La scène agitée de la drogue, les nouvelles substances, les nouveaux usages loin
de la créativité manifestent la dictature pathologique de l’addiction.
Tout se passe donc comme si ces 2 blocs apparemment opposés avaient radicalisé
l’incontournable et consubstantielle dualité de l’être humain. Changement et inertie,
désir d’identité et désir de différence, ces mouvements permanents et opposés
de la conscience humaine ne s’inscriraient plus dans la pathologie addictive comme
des modalités dialectiques, mais séparées.
Il est intéressant de constater que la sensation est ce qui permet au bien-portant,
à chaque instant, de combiner dans un tout signifiant la dualité dont nous venons de parler.

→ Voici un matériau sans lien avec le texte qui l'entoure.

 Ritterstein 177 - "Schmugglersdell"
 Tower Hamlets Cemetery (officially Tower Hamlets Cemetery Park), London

La sensation est ainsi matérialité, puisqu’elle fonde notre présence et nos actions ;
elle est aussi subjectivité et évanescence. Personnelle et commune tout à la fois, elle constitue
une possibilité de conscience et de réalité en dépit de l’incomplétude fondamentale
de notre humanité. On peut ainsi s’interroger : la toxicomanie serait-elle une pathologie
de la sensation ? Dès lors, comme nous le montrent Didier Touzeau et Gilbert Lagrue
dans ce numéro, le sevrage dans sa radicalité n’est plus forcément l’option thérapeutique
préférable. La consommation “sensible”, qui porte néanmoins encore le nom de “contrôlée”,
devient une véritable possibilité thérapeutique.

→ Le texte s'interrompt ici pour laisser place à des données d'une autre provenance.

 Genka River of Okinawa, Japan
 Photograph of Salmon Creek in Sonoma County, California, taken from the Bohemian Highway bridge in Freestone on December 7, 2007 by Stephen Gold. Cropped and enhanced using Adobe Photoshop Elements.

Concevoir l’addiction comme une pathologie de la sensation ouvre de nombreuses
pistes fondamentales et thérapeutiques. Si, sur le plan neurophysiologique, la sensation
se rapproche de la notion de salience dopaminergique, la sensation et ses représentations
intéressent aussi les psychothérapeutes dans la mesure où la perception de toute sensation
se conçoit dans un questionnement dialectique. C’est souvent ce questionnement qui est
en difficulté chez l’usager de drogues.
”
Pied de nez à l’ennui et à la répétition, tentons ainsi de promouvoir le sensible
dans notre rencontre avec les toxicomanes.